2008-05-17 Thread Bill Hart

Martin,

Here's a really unusual thing. Perhaps you can confirm this. I get a
20% improvement if I add:

if (x)
{
}

in the three obvious places in the function _mzd_mul_m4rm_impl. This
stops it mpz_combining the zero row.

But I don't understand why this works. The time should be only 1.5%
better since k = 6 and there are 2^k rows in the table, only one of
which is zero.

Could it be that your coinflip function is not quite random?

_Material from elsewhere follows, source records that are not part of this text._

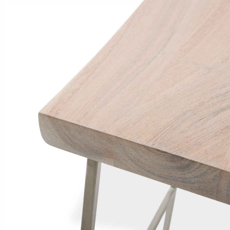 Supporting this exquisite wooden seat is a sturdy steel frame, designed for durability and stability. The frame's sleek lines add a modern industrial touch to the stool, while its clever design offers footrests at both the front and back. This feature ensures that regardless of how you sit, you have a comfortable spot to rest your feet, enhancing the overall seating experience.
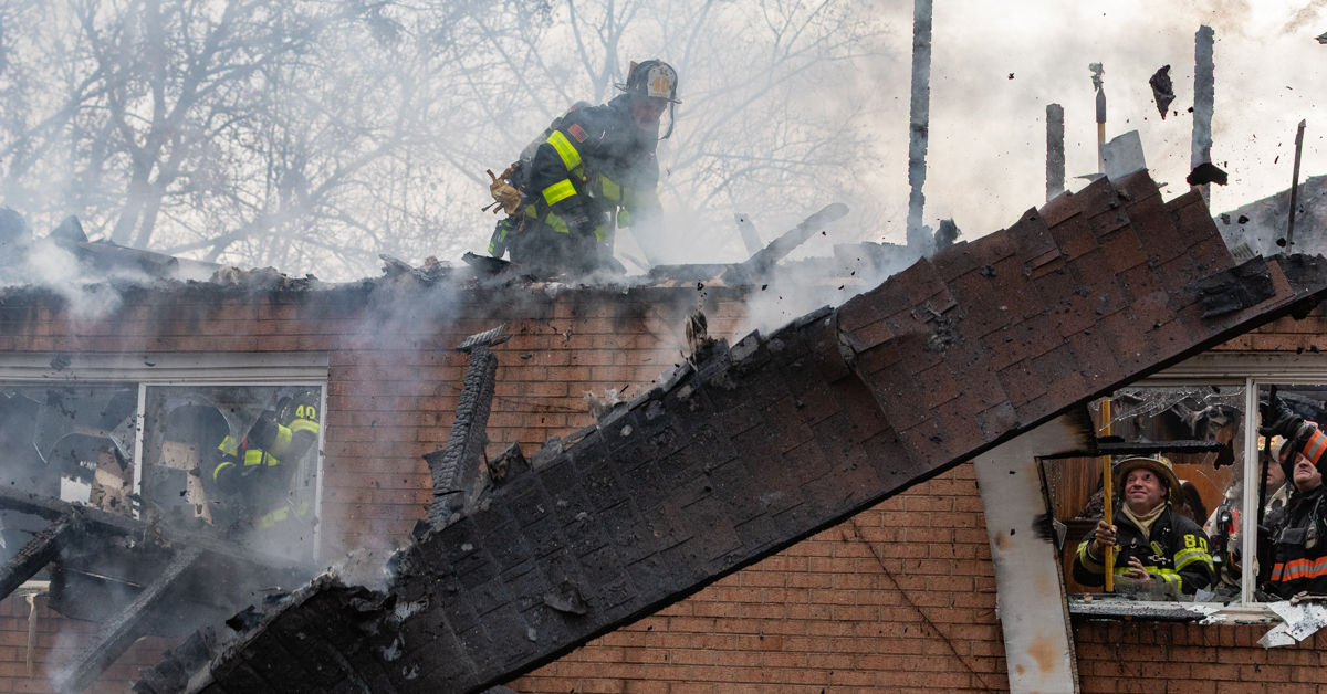 Firefighters from Granite Falls, Grace Chapel and Sawmills Fire Departments take down part of the roof burned at 4526 Hickory Boulevard in Granite Falls, NC. The Granite Falls Fire Department responded to the structure fire at 8:46 a.m. on Dec. 4, 2025.
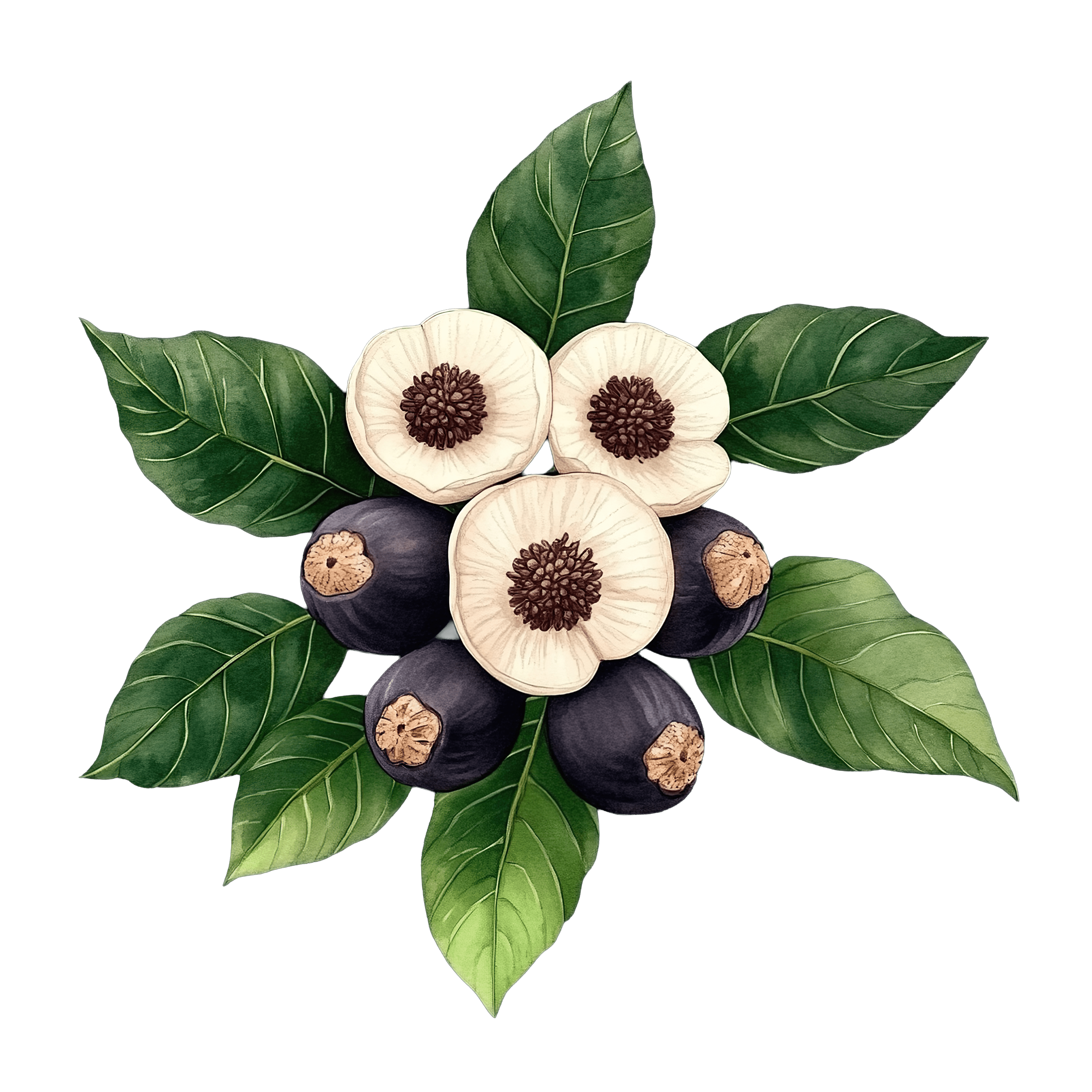 Acai Berries and Leaves Design Acai berries and green leaves arranged.Download PNG ▼Download JPG ▼Related posts:Bright Sun with Radiating Rays Behind Fluffy Clouds IllustrationWatercolor Pear Clipart with Red and Green HuesIntricate Mandala Snowflake with Pine Elements in Red and GreenWatercolor Red Mushrooms on Textured Mossy Green HillYellow monkey holding a bananaTwo White and Yellow Daffodil Flowers on Black BackgroundWatercolor Poinsettia Illustration with Red and Green LeavesBlue Elephant in Watercolor Splash ClipartVibrant Orange Poppy Flower Illustration with Green LeavesColorful Striped Gift Box with Yellow Ribbon BowPeanut Butter Cookie with Textured Surface DesignPink jellyfish with tentacles clipart illustration
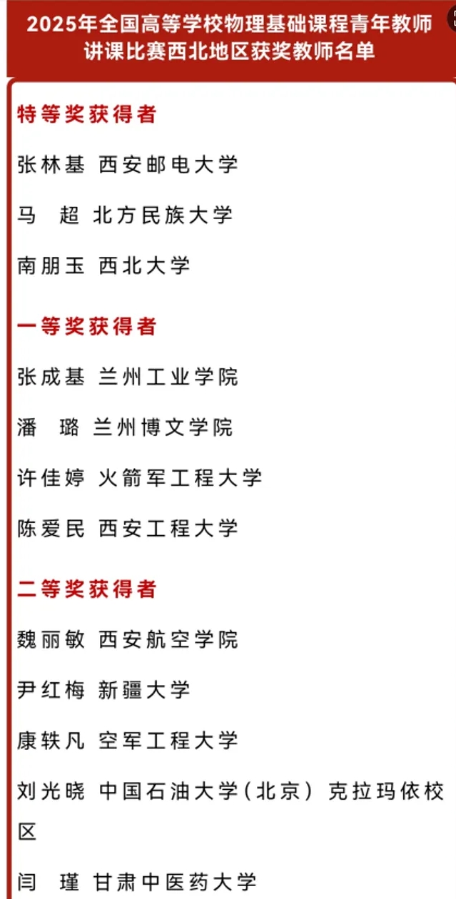祝贺!学校教师荣获全国高等学校物理基础课程青年教师讲课比赛西北赛区一等奖
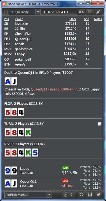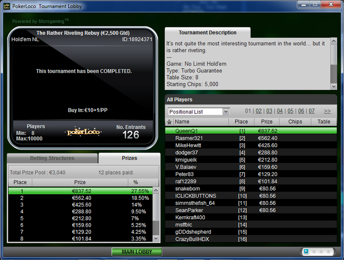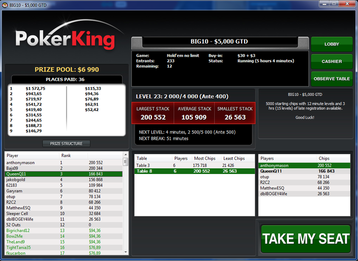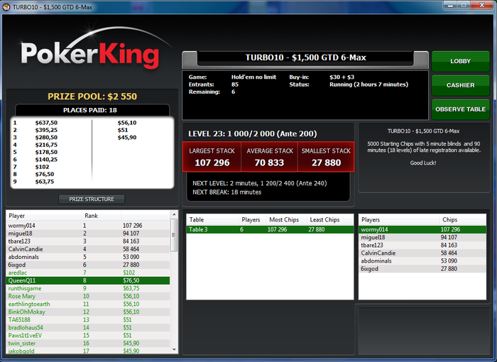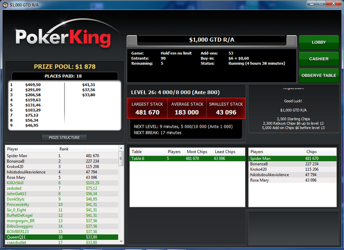 -очень долгая 3-5ч ,по этому заходить в посл час не очень хорошая затея,дают всего 10-15бб максимум -фотки будут позже)) -на данный момент вторая половинка поддерживает...планирую уделять много времени покеру!!!
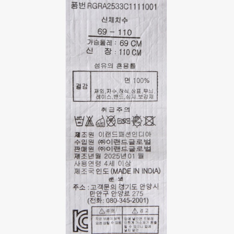 | 1. 제품 소재 (섬유의 조성 또는 혼용률을 백분율로 표시, 기능성인 경우 성적서 또는 허가서) | 상품상세참조 |

Anyway, I'm down to 3.40s for 1x1 with this change. Test
functions still pass.

Bill.


On 17 May, 22:05, Bill Hart [EMAIL PROTECTED] wrote:
 Yet another idea.

 Suppose we do not combine entire rows in the Gray table, but only half
 rows. Once half a row is bigger than a single cache line (512 bits on
 the Opteron) we may as well work with half rows. This allows us to
 work with twice as many rows at once in the Gray tables (each of half
 the size). This means that we are dealing with twice as many bits from
 rows of A as usual and twice as many rows of B as usual, but we need
 to do it all again for the second half of the rows. This means we get
 twice the work done in the same amount of cache space.

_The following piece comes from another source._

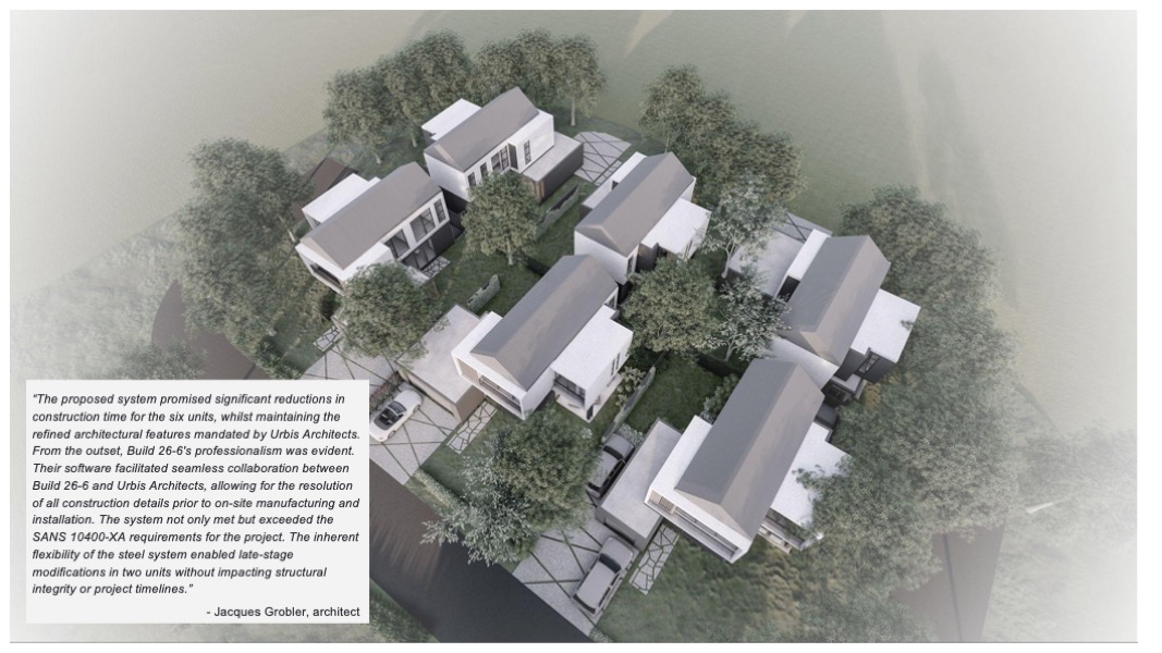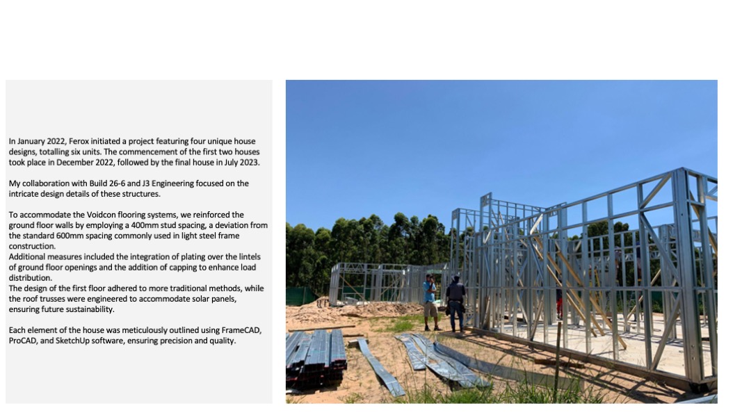 The Ferrox residential development utilised a light steel frame construction system to build six residential units efficiently and quickly. The prefabricated steel panels enabled rapid construction with high-quality finishes, exceeding insulation requirements and impressing the developer with the system's performance and market appeal.

 Combined with the idea of using two Gray tables of 2^5 combinations of
 rows instead of a single table of 2^6 combinations of rows, this would
 equate to dealing with 20 bits of each row of A at a time and 20 rows
 of B at a time.

 With this scheme, there would then be 4 arithmetic operations in SSE
 registers, 5 loads and 1 store, when combining rows from Gray tables,
 instead of about 6.6 loads, 3.3 stores and 3.3 arithmetic operations,
 changing the ratio of load/stores to arithmetic ops from 2.7 to 1.5.

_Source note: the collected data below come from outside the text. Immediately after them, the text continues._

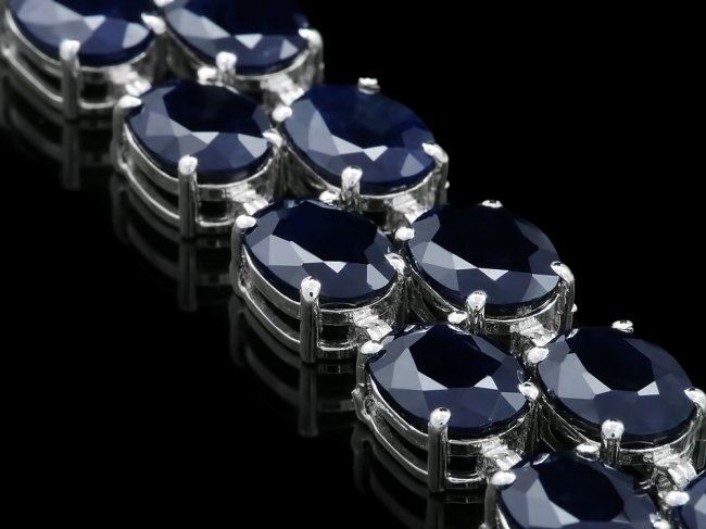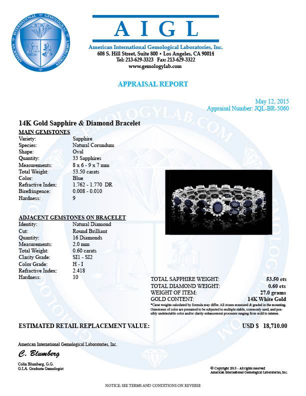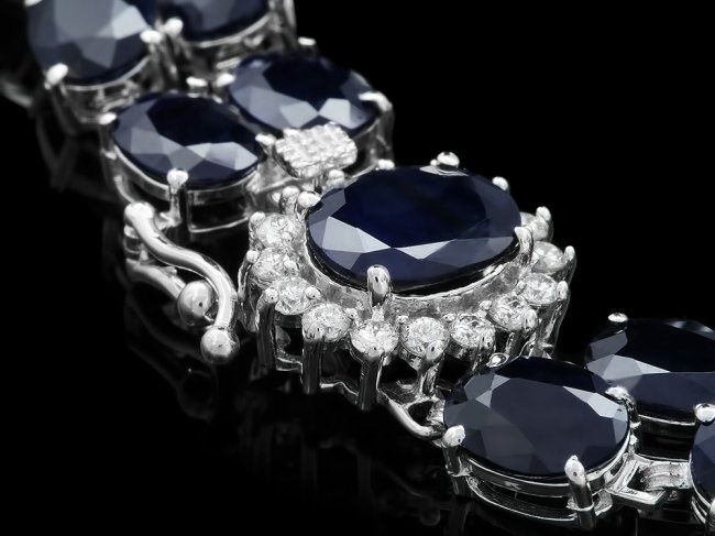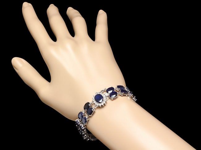 Retail: $18,600.00 ****** 14k Gold 53.5ct Sapphire 0.60ct Diamond Bracelet ****** Metal: 14k Solid White Gold / Size: 7.5 / Total Item Weight: 27 grams / Country Made: United States / / Main Stone: Sapphire / Color: Blue / Carat Total Weight: 1.50 / Treatment: Heating / Clarity: Type 2 / Cut: Very Good / / Secondary Stone: Diamond / Carat Total Weight: 0.60 / Treatment: None / Color Grade: H - I / Clarity: SI1 - SI2 / Cut: Very Good / / Side Stone: Sapphire / Color: Blue / Carat Total Weight: 52.00 / Treatment: Heating / Clarity: Type 2 / Cut: Very Good /
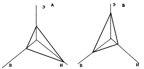 Возрастание информационного потенциала общества влияет на материалоемкость и энергоемкость всей экономики, так как во всех материальных системах, способных к эволюции, существуют замещающие взаимоотношения между веществом, энергией и информацией. Это можно проиллюстрировать простой схемой (рис. 10.11), где представлены два варианта конфигурации триады «вещество - энергия - информация» для национального хозяйства разных стран. Это могут быть, например, Япония (А) и Россия (Б). Хозяйственная структура «информационного общества» более экологична, потому что менее природоемка: В-Э («вещество-энергия») - сектор наибольшей природоемкости.
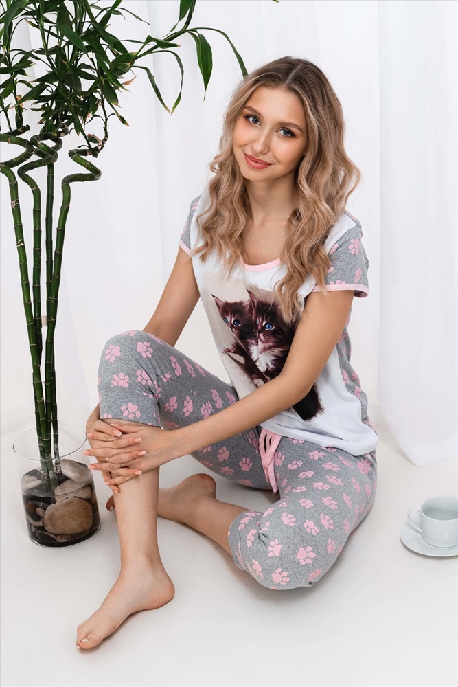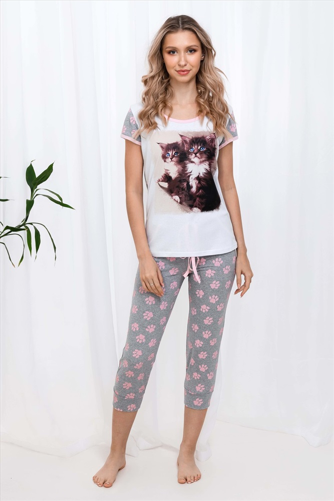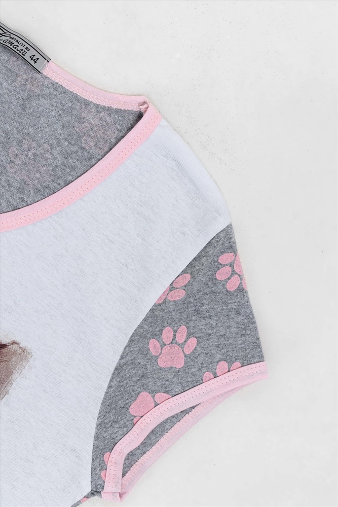 Состав: 100% хлопок Модель: Пижама Два котенка бриджи Тип товара: пижама с бриджами Материал: кулирка | кулирка Бренд: Натали Суслова Карман: боковые Назначение: для дома НДС: 5% Отделка: с карманами | с манжетами | с печатью | со шнурком Рейтинг: Рейтинг 4 и выше Рисунок: крупный принт | зверюшки Рукав: короткий рукав Силуэт: прилегающий Стиль: домашний | молодежный Пижама из кулирки футболка + бриджи. Светлая футболка с розовой окантовкой, принт в виде котят, серые вставки с кошачьими следами. Серые бриджи с узором в виде следов, розовая окантовка карманов, шнурок на поясе, длина чуть ниже коленей. Таблица размеров и весафутболка

 This is another example where copying the data (the half rows) out and
 reordering it so it has better locality, would probably make a big
 difference. That sort of thing always works exceptionally well on AMD
 chips.

 Bill.

 On 17 May, 21:05, Bill Hart [EMAIL PROTECTED] wrote:

  That's looking good. Would you like me to run it on an unburdened
  opteron to see how it goes? If you like you can send me a tarball and
  I'll try it out.

  I think our best bet for a significant improvement now is the idea of
  using two Gray tables of half the size simultaneously. I also realised
  it possibly improves the cache performance for the A matrix too.

  I was casually wondering whether Magma might use a highly optimised
  Winograd's algorithm instead of the naive algorithm. But over GF2 I
  think it probably actually takes longer, since it basically replaces
  n^2 full length scalar multiplies by n^2 half length ones and 2*n^2
  half row additions, plus a pile of other overhead.

  Bill.

  On 17 May, 20:32, Martin Albrecht [EMAIL PROTECTED]
  wrote:

   On Saturday 17 May 2008, Martin Albrecht wrote:

 I think a better idea would be to explicitly force all matrices and
 all rows to be 128 bit aligned if the matrices are wide enough to
 benefit from SSE2, Then the combine function can always use SSE2 and
 there will be no need to check for alignment.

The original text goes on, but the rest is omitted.